PROBLEM REQUIREMENTS = The whole listing, except its pictures, is to be repeated exactly.

MATERIAL PROVIDED =
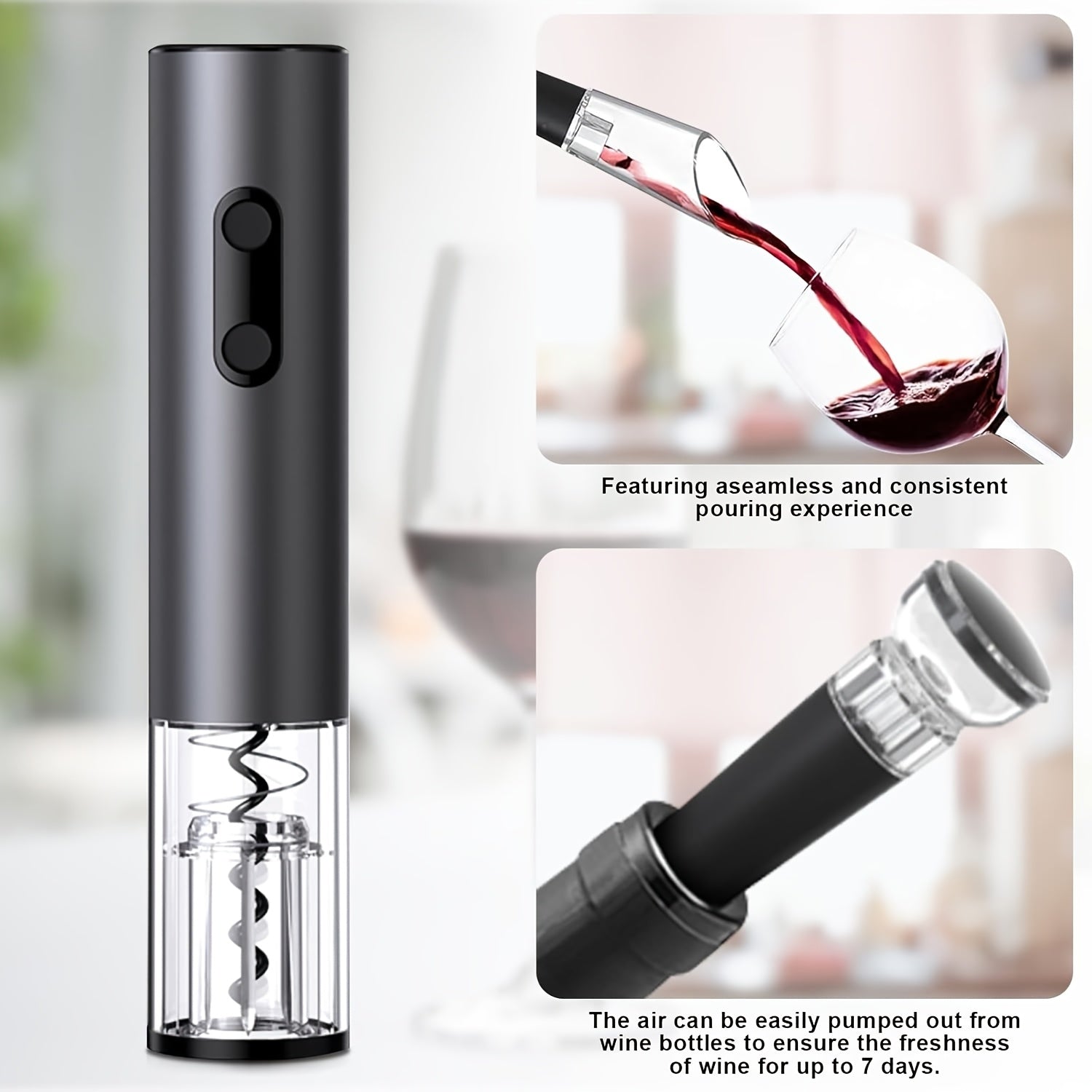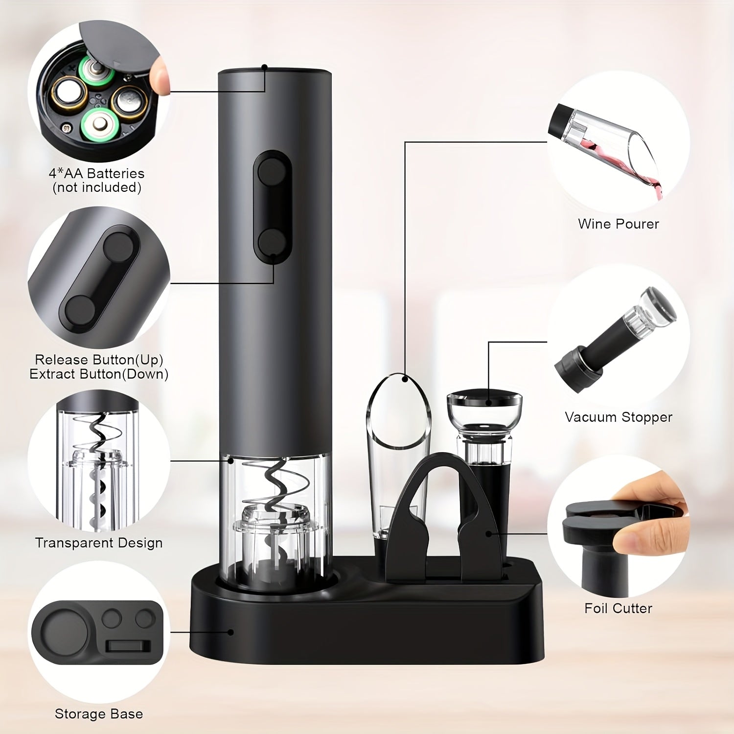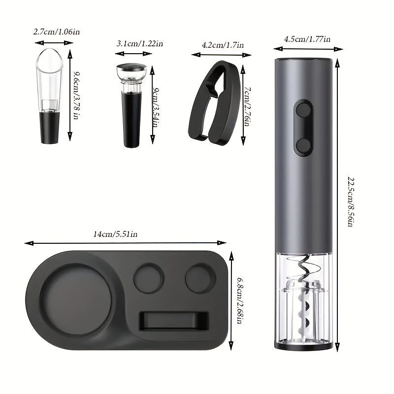 Uy uchun va bayramlar uchun vino aksessuarlar to'plami: folga kesuvchi, vakuum saqlovchi, quyish moslamasi va aerator
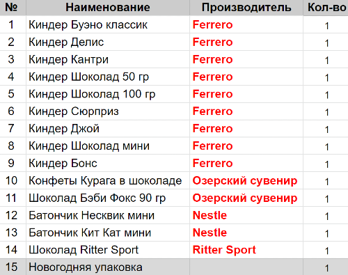 Артикул: ПК-1307 Вес: 1000 гр. Внутри 23 сладости
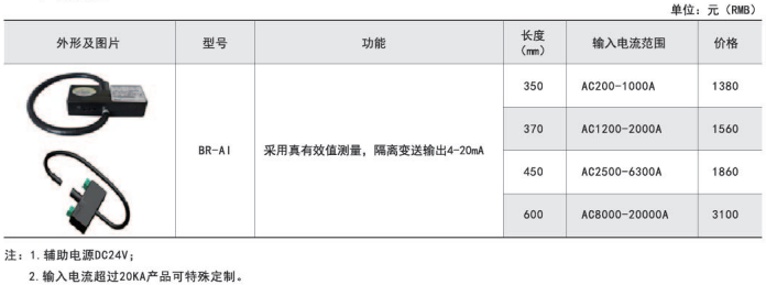 BR-AI | 采用真有效值測(cè)量, 隔離變送輸出4-20mA | 350 | AC200-1000A |
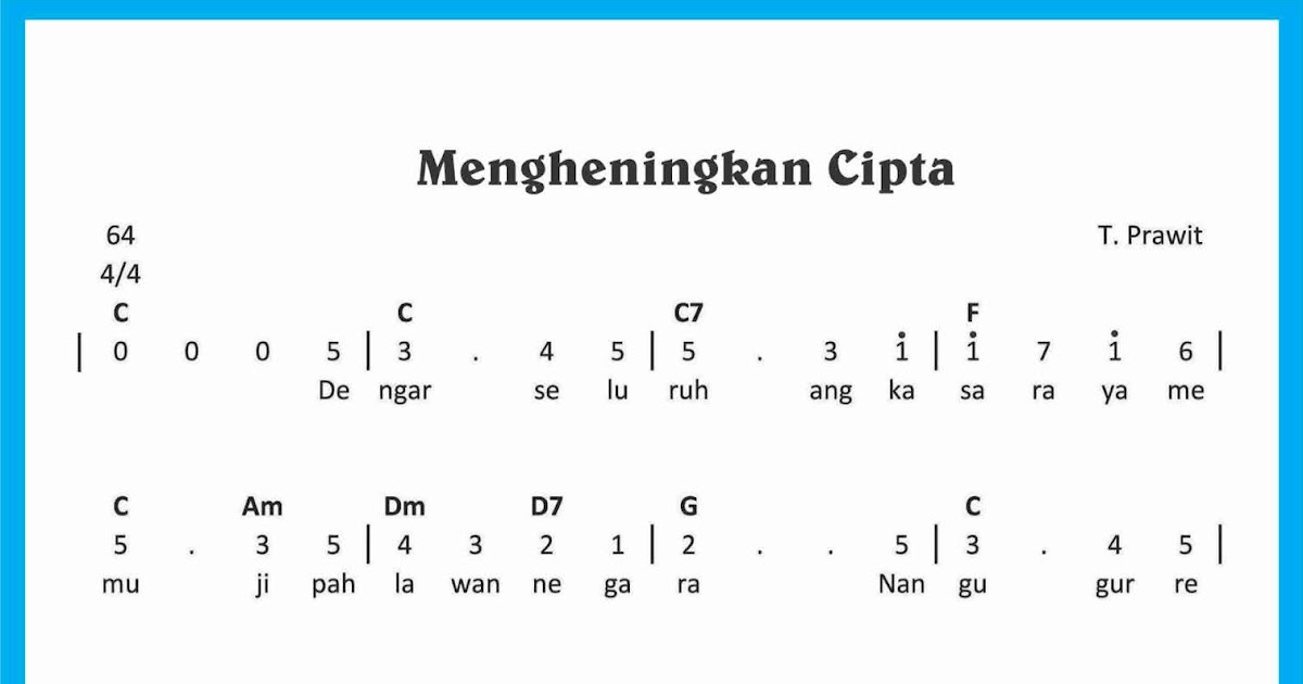 Not Angka Lagu Mengheningkan Cipta Untuk Mengenang Jasa Para Pahlawan Kita Sehingga Indonesia Yang Merdeka Sudah Lebih Dari 70 Tahun Not Musik Lagu Lirik Lagu - Oleh karena minimnya sumber, profil sebagai lagu kebangsaan, mengheningkan cipta ini pertama kalinya dibawakan di tahun 1958.

TASK RESPONSE =
 Uy uchun va bayramlar uchun vino aksessuarlar to'plami: folga kesuvchi, vakuum saqlovchi, quyish moslamasi va aerator
 Артикул: ПК-1307 Вес: 1000 гр. Внутри 23 сладости
 BR-AI | 采用真有效值測(cè)量, 隔離變送輸出4-20mA | 350 | AC200-1000A |
 Not Angka Lagu Mengheningkan Cipta Untuk Mengenang Jasa Para Pahlawan Kita Sehingga Indonesia Yang Merdeka Sudah Lebih Dari 70 Tahun Not Musik Lagu Lirik Lagu - Oleh karena minimnya sumber, profil sebagai lagu kebangsaan, mengheningkan cipta ini pertama kalinya dibawakan di tahun 1958.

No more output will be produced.